Synchrony Financial's Margin of Safety % (DCF FCF Based) for today is calculated as

Margin of Safety % (DCF FCF Based)=(Intrinsic Value: DCF (FCF Based)-Current Price)/Intrinsic Value: DCF (FCF Based)
=(511.59-76.32)/511.59
=85.08 %

* For Operating Data section: All numbers are indicated by the unit behind each term and all currency related amount are in USD.
* For other sections: All numbers are in millions except for per share data, ratio, and percentage. All currency related amount are indicated in the company's associated stock exchange currency.

The intrinsic value is calculated from the Discounted FCF model with default parameters. The calculation method is the same as Discounted Earnings model except free cash flow are used in the calculation instead of earnings per share.

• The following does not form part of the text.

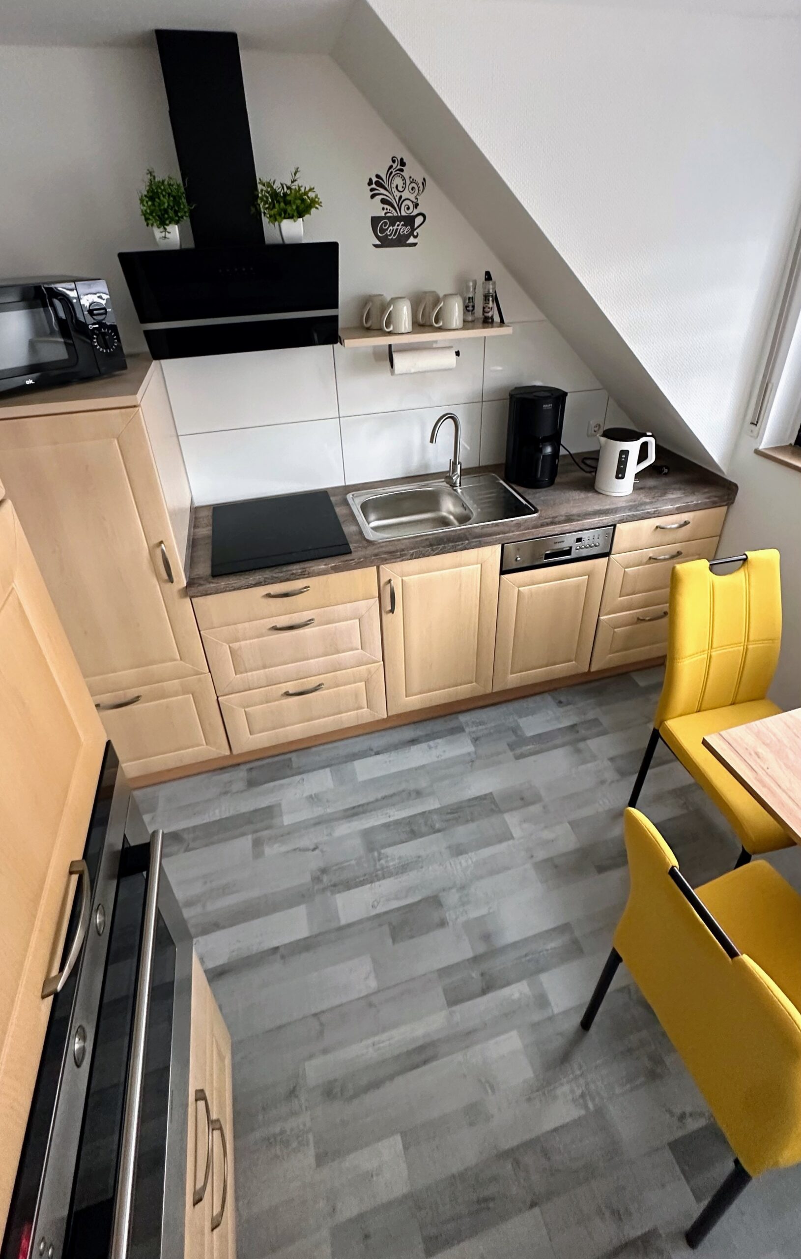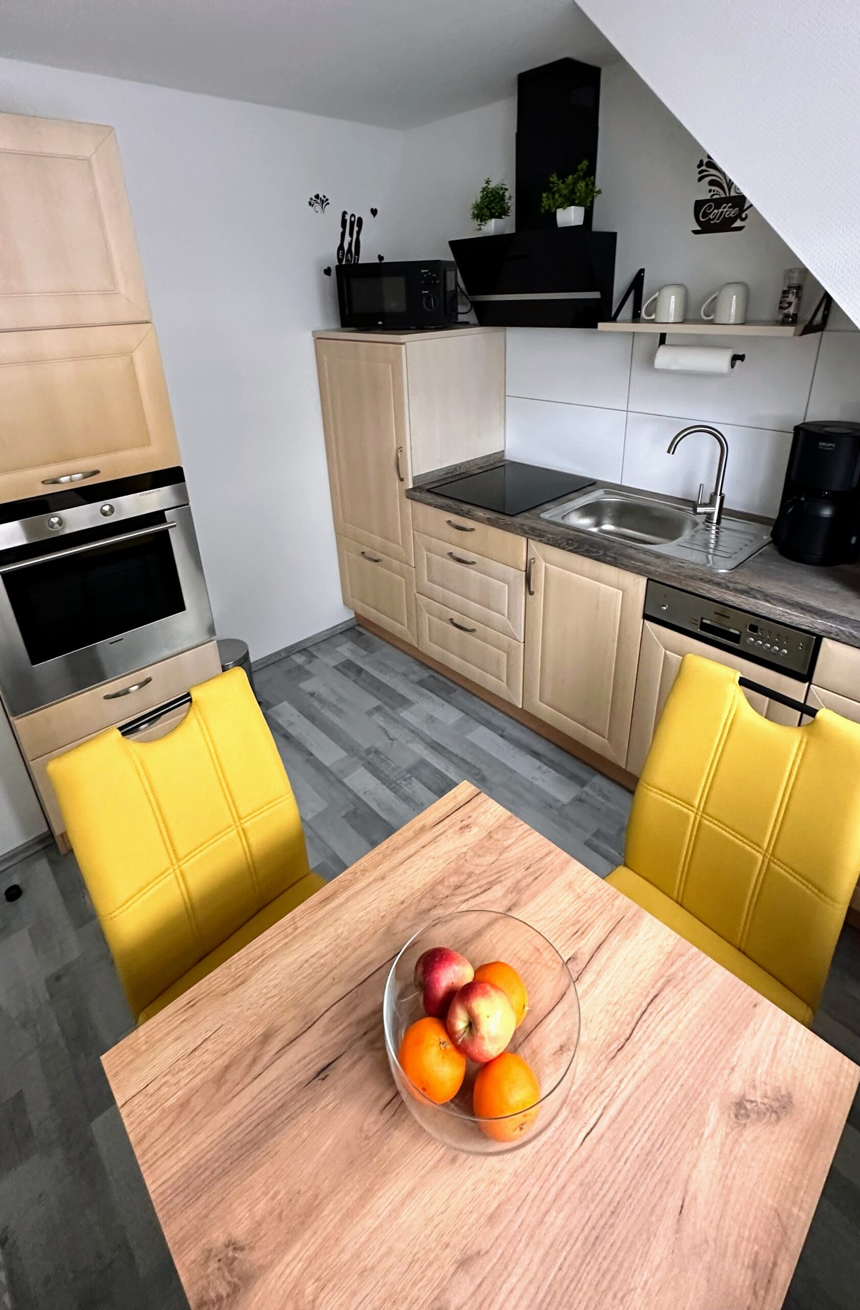 Unsere voll ausgestattete Küche bietet alles, was Sie für eine komfortable Zubereitung Ihrer Mahlzeiten benötigen. Sie finden hier einen Induktionsherd, Backofen, Kühlschrank, Mikrowelle, Spülmaschine, Filterkaffeemaschine sowie einen Wasserkocher – alles, was das Herz eines Hobbykochs begehrt. Zusätzlich stellen wir Ihnen sämtliches Geschirr, Besteck und nützliche Kochutensilien zur Verfügung. So steht einem kulinarischen Erlebnis während Ihres Aufenthalts nichts im Weg!

What does a Margin of Safety % (DCF FCF Based) of 85.08% mean?
Synchrony Financial (SYF) has a Margin of Safety % (DCF FCF Based) of 85.08% as of Jun. 24, 2026. Margin of Safety % (DCF FCF Based) is the percent difference between the current price and the intrinsic DCF FCF price. View historical data on Synchrony Financial.
Is Synchrony Financial's Margin of Safety % (DCF FCF Based) too high?
Synchrony Financial's current Margin of Safety % (DCF FCF Based) is 85.08%. Overall, Synchrony Financial has a GF Score™ of 75/100 and is considered Modestly Overvalued, reflecting its overall financial health beyond just this single metric.
How does Synchrony Financial's Margin of Safety % (DCF FCF Based) compare to AFRM and SOFI?
Synchrony Financial's Margin of Safety % (DCF FCF Based) of 85.08% can be compared against companies in the Credit Services industry. See the competitive comparison table and distribution chart on this page for a detailed peer-by-peer breakdown.
What is a good Margin of Safety % (DCF FCF Based) for a Credit Services company?
A good Margin of Safety % (DCF FCF Based) depends on the Credit Services industry context. However, Margin of Safety % (DCF FCF Based) should not be evaluated in isolation — investors should consider it alongside profitability, growth, and financial strength metrics. Use the industry distribution chart on this page to see where any company falls relative to its peers.
What does a high Margin of Safety % (DCF FCF Based) mean?
A high Margin of Safety % (DCF FCF Based) can signal that a stock is expensive relative to its fundamentals. Margin of Safety % (DCF FCF Based) is the percent difference between the current price and the intrinsic DCF FCF price. View historical data on Synchrony Financial. Synchrony Financial's current Margin of Safety % (DCF FCF Based) is 85.08%. However, context matters — high-growth companies often justify higher valuations. Always evaluate alongside other metrics like GF Score™ and GF Value™.
Is Synchrony Financial stock overvalued right now?
Based on GuruFocus' analysis, Synchrony Financial (SYF) is currently considered Modestly Overvalued. The stock's GF Value™ is $65.56, compared to a current price of $76.32 — trading 16.4% above its estimated fair value. The current Margin of Safety % (DCF FCF Based) is 85.08%. Synchrony Financial's overall GF Score™ is 75/100 with 2 warning signs to review. Investors should evaluate multiple metrics — including profitability, growth, and financial strength — before making a decision.
How is Margin of Safety % (DCF FCF Based) calculated?
Margin of Safety % (DCF FCF Based) is calculated from a company's financial statements. For Synchrony Financial (SYF), the current Margin of Safety % (DCF FCF Based) is 85.08% as of Jun. 24, 2026. GuruFocus calculates this using data sourced from SEC filings and annual reports. See the calculation section and 30-year financial data on this page for the full breakdown.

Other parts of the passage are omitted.